Luca’s moment of truth came at the beginning of this descent near the Caird Nunatak. He was on a split snowboard – no problem on the ascents but hard to imagine descending with a pulk. It was a Bart Simpson moment – he took off and immediately zoomed by me, sitting on this pulk looking very smug and relaxed, the snow board edge steering his direction of travel. Yes, he must be ‘the first’ to do the Shackleton Traverse on a snowboard, but as he said “A first of absolutely no consequence.” I’m more impressed by that statement than the actual ‘first.’
Luca snowboarding down on his pulk
We camped late that afternoon on the edge of the outwash plain, behind some buttresses to avoid the likely wind blast coming down the Turnback. Next day we were happily tent bound in the pouring rain brought in from a strong northerly airstream. Lara, Luca, and I were very comfortable all reading Jack Kerouac.
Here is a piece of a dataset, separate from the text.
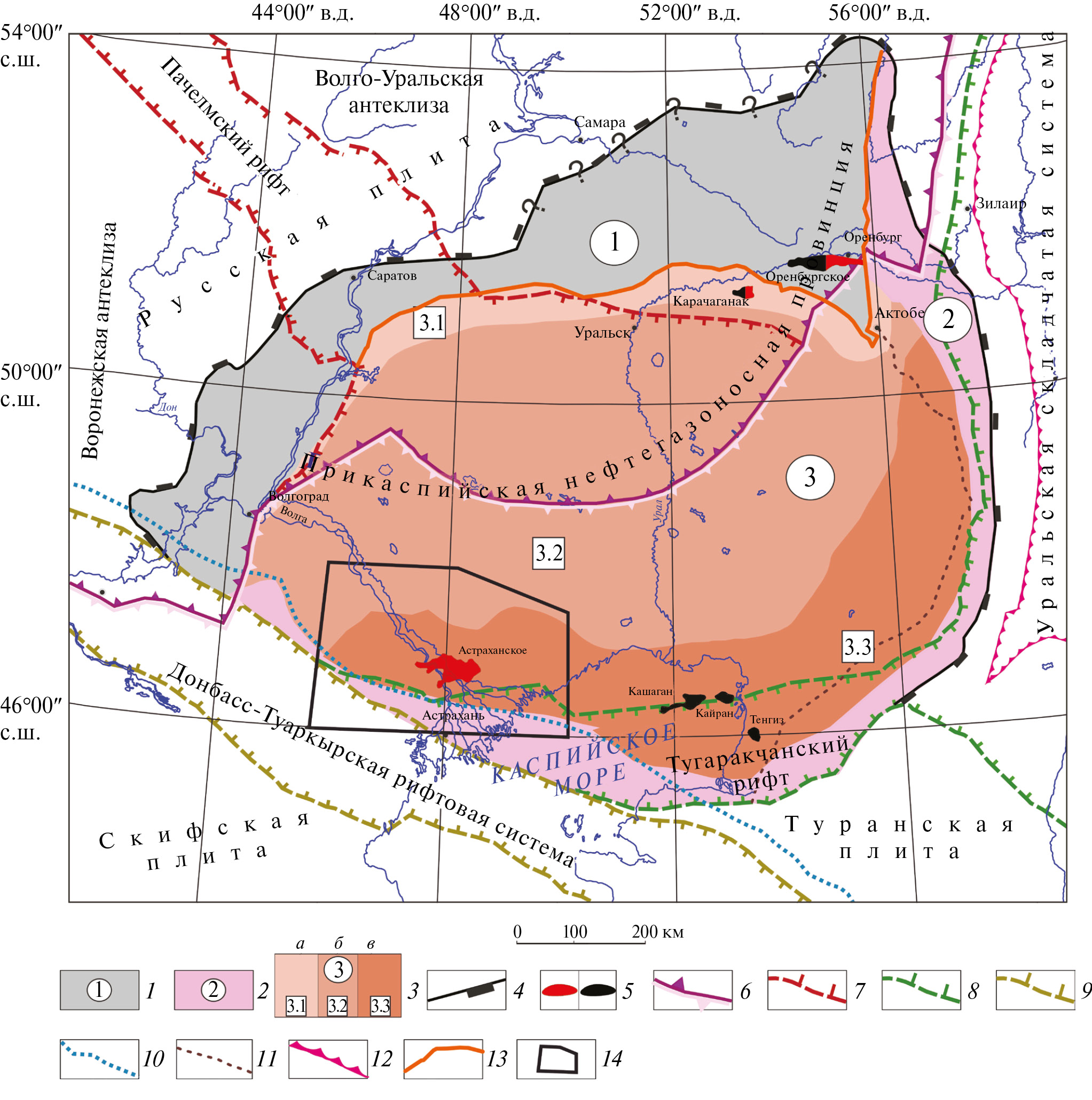 1–4 − элементы нефтегазогеологического районирования высоких рангов: 1 − Северо-Западная субпровинция; 2 − Юго-Восточная субпровинция; 3 − Центрально-Прикаспийская субпровинция: а − Северо-Западная прибортовая нефтегазоносная область, б − Сарпинско-Хобдинская нефтегазоносная область, б − Астраханско-Актюбинская нефтегазоносная область; 4 − граница Прикаспийской нефтегазоносной провинции (также является границей распространения пермской соленосной формации); 5 – месторождения: а – газовые, б – нефтяные; границы структурно-тектонических подразделений земной коры высоких рангов (6–13): 6 − юго-восточная граница между древней Восточно-Европейской и молодой Центрально-Евразийской платформами, 7‒9 − граничные разломы: 7 ‒ Пачелмского рифта рифейского возраста, 8 − Тугаракчанского рифта раннепалеозойского возраста, 9 − Донбасс-Туаркырского рифта позднедевонского возраста, 10‒11 − фронт складчатых деформаций: 10 ‒ раннемезозойских Донбасс-Туаркырской складчатой системы, 11 − предкугнгурских Уральской складчатой системы, 12 − главная Уральская сутура, 13 – пермский карбонатный уступ; 14 – контур района исследования

I was not adverse to a day off. Vinson was just around the corner at Husvik, a terrible temptation for some, but we held firm not wishing to break the spell of our journey.
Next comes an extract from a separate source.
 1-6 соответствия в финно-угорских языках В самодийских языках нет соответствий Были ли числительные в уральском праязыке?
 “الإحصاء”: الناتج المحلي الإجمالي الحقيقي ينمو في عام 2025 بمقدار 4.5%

Lara coming over the Breakwind Gap
Zu, Frank, Lara and Luca coming down the ravine after the Breakwind Gap
Titus, Hamish and Lenny below the rockfall zone in the ravine
Next day, a ‘dingle day,’ as the Kiwis would say, we went back up the Turnback Glacier and over the Breakwind Gap, where Shackleton, Worsely, and Crean could see the recognizable ‘zed stone,’ a folded strata above Stromness Bay and where they heard the 0630 whistle calling the whalers to work - they knew they had made it. It is an historic part of the journey and sadly few people do it as again, 14 years ago we had pulled pulks across it, easily skiing them down. The vestigial glacier on the east side of the pass is about gone and everything on the descent has steepened off, plus the ravine is gnarly, with rockfall threatening from above. And, with a yacht or cruise ship waiting near the beach at Anchorage Bay, well . . . that part of this historic journey is foregone in lieu of drinks and dinner on board.
Traverse Team above Anchorage Bay
Walking the pulks down the last section to Anchorage Bay
The camp at Anchorage Bay
The message here, without gainsaying Shackleton, Worsley, and Crean in the least, is that this famous journey is still worth doing, but it must be kept in mind the terrain bears little resemblance to what it was in 1916, let alone in 2011. When you read Shackleton’s ‘South’ keep that in mind.
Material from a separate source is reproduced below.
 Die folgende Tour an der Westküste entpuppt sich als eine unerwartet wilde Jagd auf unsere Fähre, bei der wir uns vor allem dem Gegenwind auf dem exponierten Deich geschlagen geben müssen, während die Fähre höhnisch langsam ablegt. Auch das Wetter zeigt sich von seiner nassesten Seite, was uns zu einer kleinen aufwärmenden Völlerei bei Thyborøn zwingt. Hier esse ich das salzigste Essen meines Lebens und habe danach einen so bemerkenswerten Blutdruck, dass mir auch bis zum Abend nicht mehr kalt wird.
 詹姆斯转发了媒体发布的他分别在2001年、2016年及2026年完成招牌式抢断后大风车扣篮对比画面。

On September 19th we did the tourist route from Fortuna Bay to the whaling station at Stromness - “The Last Day of the Shackleton Traverse,” the description of which can be found in any cruise ship brochure touting the island. Never-the-less it is a great day out, especially when our base camp Vinson of Antarctica is waiting for our return, jogging off the beach at Stromness.
Kenneth documenting the 'Last Day' Stromness Bay
Arrival on Stomness for the pick up That's it!